To find an eigenvector associated with $\lambda=8$, you solve the system

$$\left(\begin{matrix}-7&-7\\-5&-5\end{matrix}\right)\left(\begin{matrix}x_1\\x_2\end{matrix}\right)=\left(\begin{matrix}0\\0\end{matrix}\right)$$

This is equivalent to the single equation $x_1+x_2=0$, so there is an arbitrary parameter, say $x_2$, and $x_1=-x_2$. With $x_2=-1$, that yields the eigenvector $(1,-1)^T$.

For the eigenvalue $-4$, the system is

$$\left(\begin{matrix}5&-7\\-5&7\end{matrix}\right)\left(\begin{matrix}x_1\\x_2\end{matrix}\right)=\left(\begin{matrix}0\\0\end{matrix}\right)$$

This is equivalent to the single equation $5x_1-7x_2=0$, so there is also an arbitrary parameter.
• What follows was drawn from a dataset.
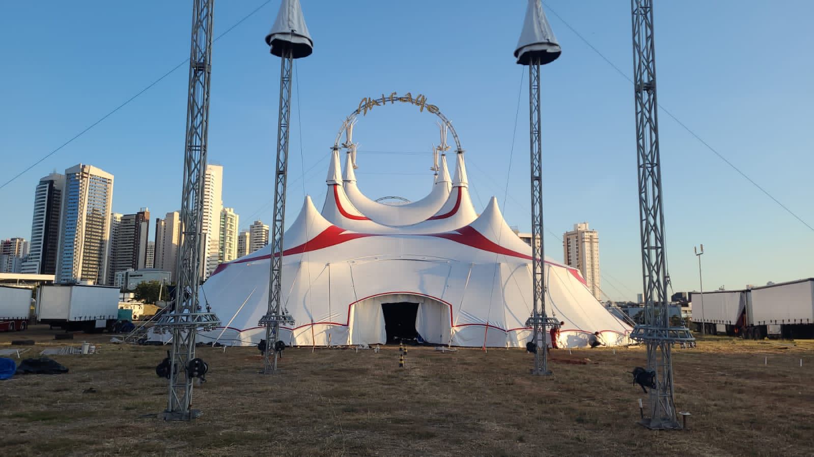 O circo conta com 800 toneladas de equipamentos, compatíveis com a estrutura de grandes festivais de música no Brasil Quem passa pelas proximidades do Flamboyant Shopping já está reparando algo.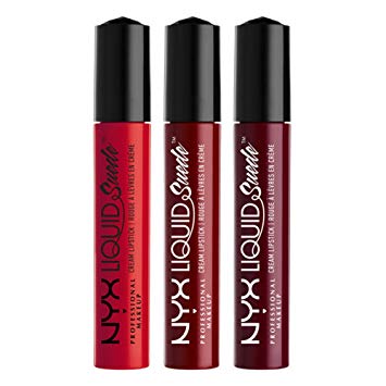 Slay in plush and vivid color with the special-edition NYX Professional Makeup Liquid Suede Cream Lipstick Set! Featuring a trio of highly pigmented shades, each waterproof liquid lipstick goes on opaque and dries to a matte finish.

With $x_2=5$, you get $x_1=7$, so the eigenvector $(7,5)^T$.

Now, the matrix of your new base is $P=\left(\begin{matrix}1&7\\-1&5\end{matrix}\right)$. In this base, the matrix of the transformation $T$ is diagonal: $P^{-1}AP=\left(\begin{matrix}8&0\\0&-4\end{matrix}\right)$.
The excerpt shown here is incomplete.